Please make sure what you return matches the listing below exactly, minus its pictures.
**** Collected material ****
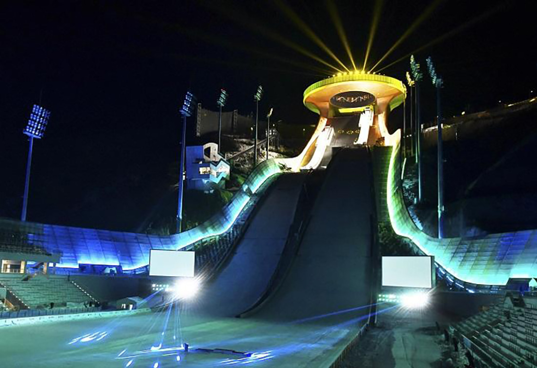 國家跳臺滑雪中心是世界上體量最大的跳臺滑雪場館,其主體建筑設(shè)計靈感來自中國傳統(tǒng)飾物“如意”,因此被形象地稱作“雪如意”。如果說由兩個巨大支柱支撐、半懸浮于空中的頂峰俱樂部是“雪如意”的“柄首”,那么,蜿蜒起伏的S型賽道便是它的“柄身”,最底部的結(jié)束區(qū)和觀眾區(qū)則是它的“柄尾”,在展現(xiàn)體育競賽場館動感的基礎(chǔ)上,凸顯了中國元素。
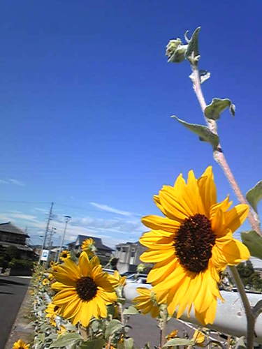 あれ、今、夏だった? ・・・と、一瞬 思い違いしてしまいそうな陽気です。 ひまわりも全開バリバリ、いぇーい!10月だけど、夏日の記録更新中。
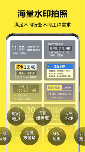 4、覆盖30+行业场景模板库,包含物业巡检/工程施工/会议记录等垂直领域专用水印组合。
****
Output for this exercise.
 國家跳臺滑雪中心是世界上體量最大的跳臺滑雪場館,其主體建筑設(shè)計靈感來自中國傳統(tǒng)飾物“如意”,因此被形象地稱作“雪如意”。如果說由兩個巨大支柱支撐、半懸浮于空中的頂峰俱樂部是“雪如意”的“柄首”,那么,蜿蜒起伏的S型賽道便是它的“柄身”,最底部的結(jié)束區(qū)和觀眾區(qū)則是它的“柄尾”,在展現(xiàn)體育競賽場館動感的基礎(chǔ)上,凸顯了中國元素。
 あれ、今、夏だった? ・・・と、一瞬 思い違いしてしまいそうな陽気です。 ひまわりも全開バリバリ、いぇーい!10月だけど、夏日の記録更新中。
 4、覆盖30+行业场景模板库,包含物业巡检/工程施工/会议记录等垂直领域专用水印组合。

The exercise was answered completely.